Connect to camera with cv2:

import cv2 # pip install opencv-python
cv2.VideoCapture(0) # 0 can be replaced with link to ipwebcam to use phone camera

A general workflow of an end to end deep learning project on torch

If the image is in weird color (BGR):

import cv2
RGB_img = cv2.cvtColor(w, cv2.COLOR_BGR2RGB)

Transform the images in training set:

import torchvision.transforms as transforms
transformations = transforms.Compose([
    transforms.Resize([x,x]), # x can be any number (usually 224,224 or 256,256 is used)
    transforms.ToTensor(), # Converts the image array to Tensor
    transforms.Normalize(mean=[m,m,m],std=[s,s,s]) # "m" is the mean value that we are trying to achieve on each of RGB channels. "s" is the standard deviation from mean. (usually m=0.5 and s=0.5 are preferred)
])

Load train/test dataset, dataloader

from torch.utils.data import DataLoader
import torchvision.datasets as datasets
<train/test>_dataset = datasets.ImageFolder(
    <path to train/test dir>,
    transform = transformations)
                                            
<train/test>_loader = DataLoader(
      dataset = <train/test>_dataset, 
      batch_size = <16/32>, 
      shuffle = <True/False>
) # always shuffle so that the model can generalise better

Print an image from <train/test> dataloader (transpose func)

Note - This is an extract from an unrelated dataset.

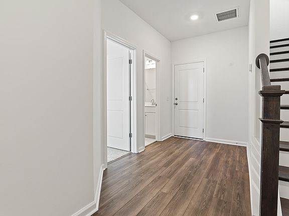 Under construction, estimated for Aug/Sept completion. This townhome will be beautifully upgraded and faces a community green space, just steps from the neighborhood amenities. The first floor includes a 20x24, rear entry, two car garage. Inside, you'll find a first floor guest room and full bathroom with step-in shower. Beautiful wood treads lead to the second floor, where you'll find your kitchen, family and dining rooms, as well as balcony access and a half bath. This particular home features an electric fireplace with shiplap and stained beam mantle detail. The kitchen is light and bright with white shaker cabinets and quartz countertops. Light colored LVP flooring. This home finishes off with the third floor, where you will find three more bedrooms and two bathroom, as well aslaundry. Spacious Owner's Suite has been extended and private bathroom includes a tiled shower and tub!

# This step has to be done after dataloader step is done

import matplotlib.pyplot as plt
import numpy as np

items = iter(<train/test>_loader)
image, label = items.next()
plt.imshow(np.transpose(image[n], (1,2,0)) # the transpose function rearranges the channels from [channels, height, width] to [height, width, channels]

Define the neural network

import torch.nn as nn
import torch.nn.functional as F

class Net(nn.Module):

    def __init__(self):
    
        super(Net, self).__init__()
        
        # A pool function
        self.pool = nn.<pool_function>(n, n)
        
        # The number of layers have to be decided based on the image size
        
        # Conv layer 1
        self.conv1 = nn.Conv2d(<in_channels>, <out_channels>, <kernel_size>)
        # Conv layer 2
        self.conv2 = nn.Conv2d(<in_channels>, <out_channels>, <kernel_size>)
        # Conv layer 3
        self.conv3 = nn.Conv2d(<in_channels>, <out_channels>, <kernel_size>)
        # etc
        
        # Linear Layer 1
        self.fc1 = nn.Linear(<in_features>, <out_features>)
        # Linear Layer 2
        self.fc2 = nn.Linear(<in_features>, <out_features>)
        # Linear Layer 3
        self.fc3 = nn.Linear(<in_features>, <out_features>)
        # etc
    
    def forward(self, x):
        # x is images as Tensors after all the transformations
        
        # Conv layer 1 on x
        x = self.conv1(x)
        # Activation function on x
        x = F.<activation_function>(x)
        # Pool function on x
        x = self.pool(x)
        
        # Conv Layer 2 on x
        x = self.conv2(x)
        # Activation fucntion on x
        x = F.<activation_function>(x)
        # Pool function on x
        x = self.pool(x)
        
        # Conv Layer 3 on x
        x = self.conv3(x)
        # Activation fucntion on x
        x = F.<activation_function>(x)
        # Pool function on x
        x = self.pool(x)
        
        # etc
        
        # Flatten (placing all the rows in the tensor side by side)
        x = x.view(x.size(0), -1)
        
        # Linear layer 1 on x
        x = self.fc1(x)
        # Activation function on x
        x = F.<activation_function>(x)
        
        # Linear layer 2 on x
        x = self.fc2(x)
        # Activation function on x
        x = F.<activation_function>(x)
        
        # Linear layer 3 on x
        x = self.fc3(x)
        # Activation function on x
        x = F.<activation_function>(x) 
        
        # etc
        
        return x

Define each train step

The steps:

Pass the image Tensors to the NN
Calculate the loss
Back propagation
Update weights

# This step as to be done after the Neural Network is defined

import torch
import torch.optim as optim
import torch.nn as nn
import torch.nn.functional as F

def train_step(model, images, labels, loss_func, optim, device): 
    
    # makes the gradiant 0 whenever called
    optim.zero_grad() 
    
    # Whatever the model predicts
    outputs = model(images.to(device)) # moving the image tensors to GPU/CPU (whichever "device" is available)
    
    # Calculate the gradiant
    loss = loss_func(outputs, labels.to(device))
    loss.backward()
    
    # Move towards the local minima
    optim.step()
    
    return loss.cpu().item() # move the loss value from GPU to CPU (.item() converts the tensor to int/float)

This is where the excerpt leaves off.